• [Dataset entries]:
====
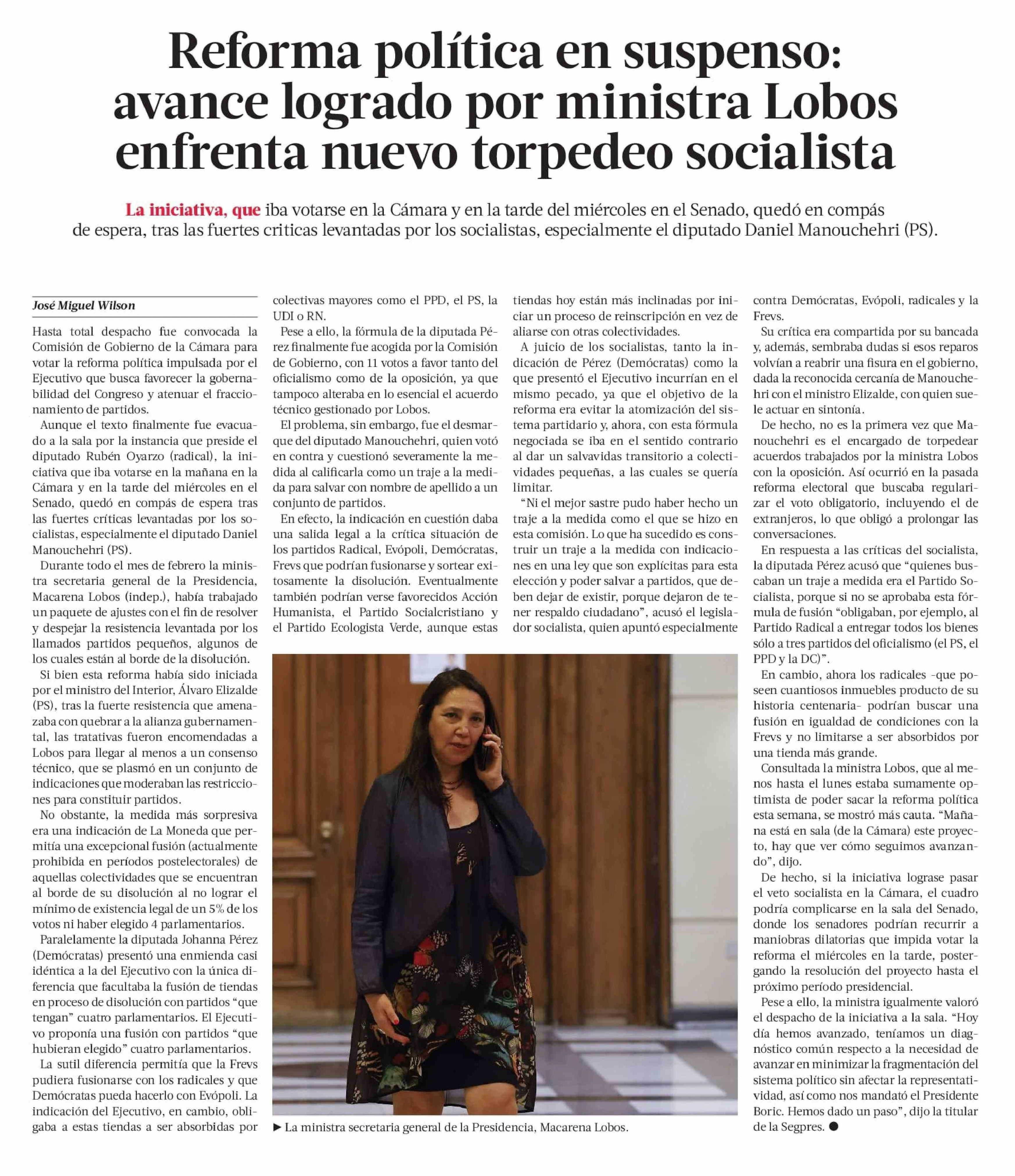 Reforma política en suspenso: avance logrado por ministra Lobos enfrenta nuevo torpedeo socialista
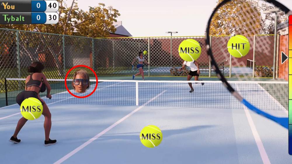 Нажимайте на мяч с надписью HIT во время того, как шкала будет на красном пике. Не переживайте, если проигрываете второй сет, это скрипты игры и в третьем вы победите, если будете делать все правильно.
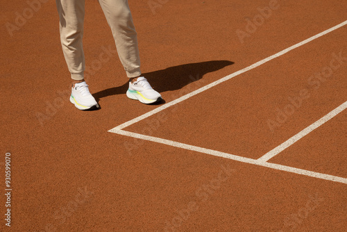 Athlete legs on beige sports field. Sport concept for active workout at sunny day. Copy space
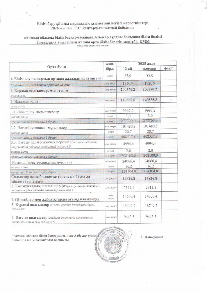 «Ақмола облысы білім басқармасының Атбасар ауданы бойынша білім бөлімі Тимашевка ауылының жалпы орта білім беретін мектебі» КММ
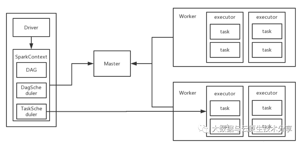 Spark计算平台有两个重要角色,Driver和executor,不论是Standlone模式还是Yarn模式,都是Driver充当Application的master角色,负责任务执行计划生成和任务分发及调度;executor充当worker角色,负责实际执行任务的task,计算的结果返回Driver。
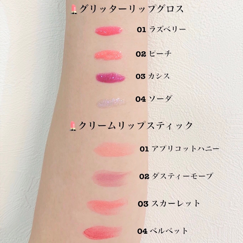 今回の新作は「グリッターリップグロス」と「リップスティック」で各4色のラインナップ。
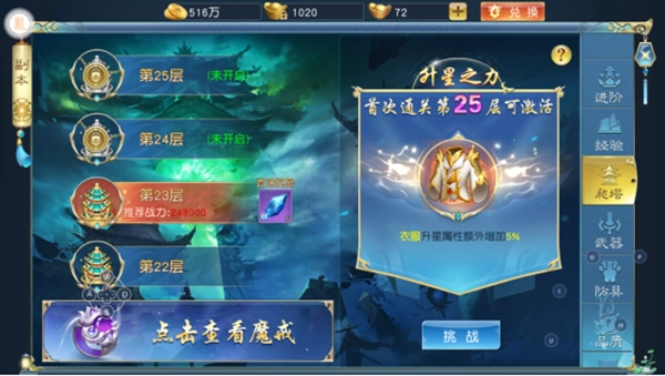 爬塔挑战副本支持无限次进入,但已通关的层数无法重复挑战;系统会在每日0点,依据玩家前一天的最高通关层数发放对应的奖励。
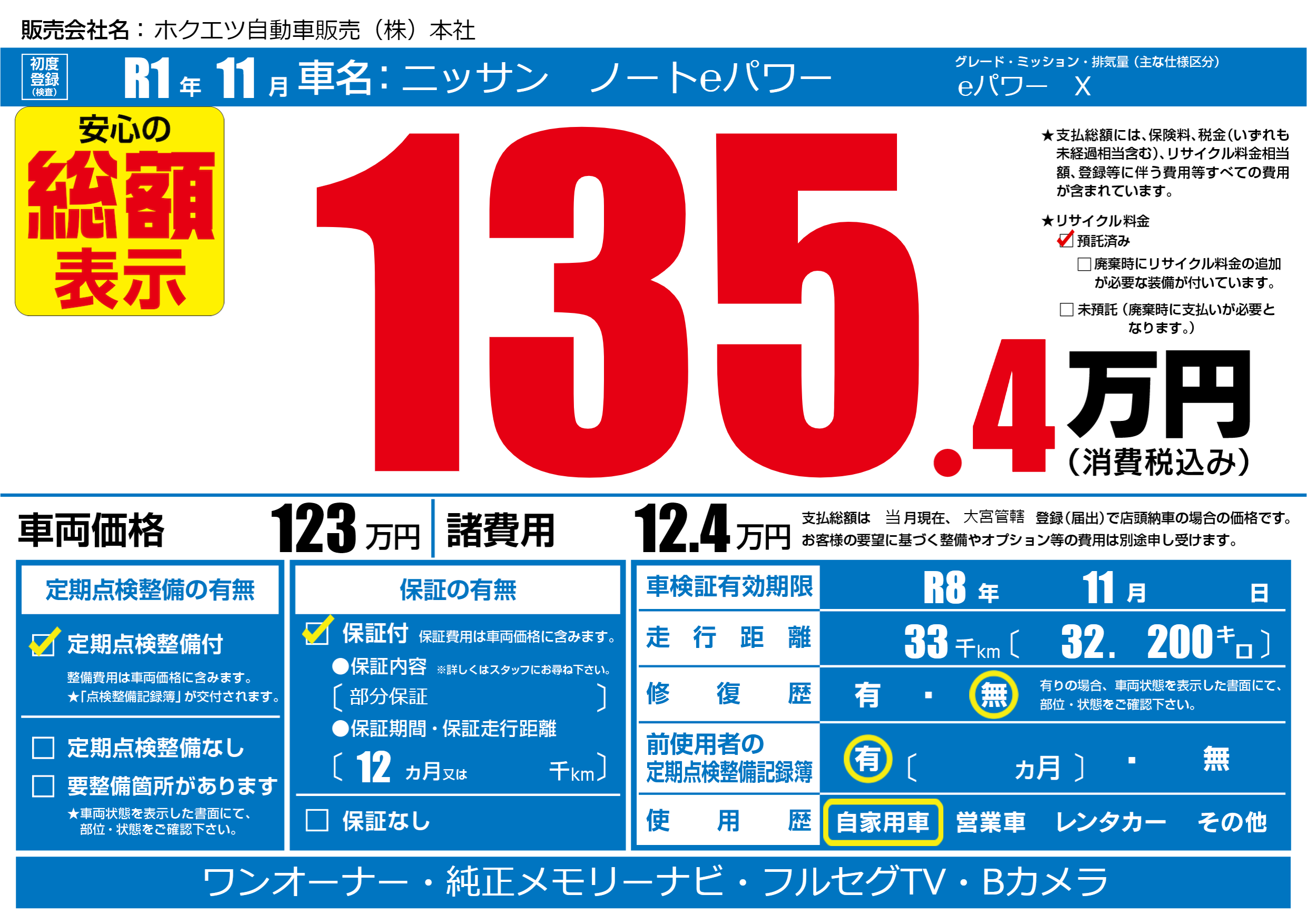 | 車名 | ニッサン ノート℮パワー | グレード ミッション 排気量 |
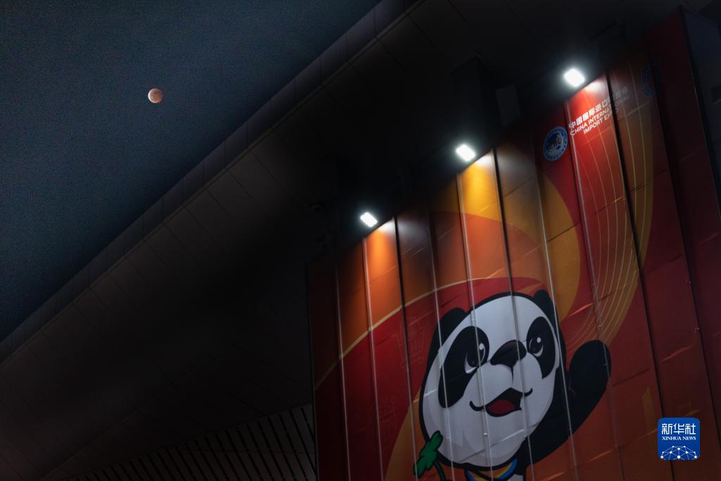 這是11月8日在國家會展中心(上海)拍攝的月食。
====
• [What the task asks]:
Reproduce exactly and only the lines from the "облысы білім басқармасының" line to the last line of the records above. Do not carry over any pictures.

• [Output of the exercise]:
 «Ақмола облысы білім басқармасының Атбасар ауданы бойынша білім бөлімі Тимашевка ауылының жалпы орта білім беретін мектебі» КММ
 Spark计算平台有两个重要角色,Driver和executor,不论是Standlone模式还是Yarn模式,都是Driver充当Application的master角色,负责任务执行计划生成和任务分发及调度;executor充当worker角色,负责实际执行任务的task,计算的结果返回Driver。
 今回の新作は「グリッターリップグロス」と「リップスティック」で各4色のラインナップ。
 爬塔挑战副本支持无限次进入,但已通关的层数无法重复挑战;系统会在每日0点,依据玩家前一天的最高通关层数发放对应的奖励。
 | 車名 | ニッサン ノート℮パワー | グレード ミッション 排気量 |
 這是11月8日在國家會展中心(上海)拍攝的月食。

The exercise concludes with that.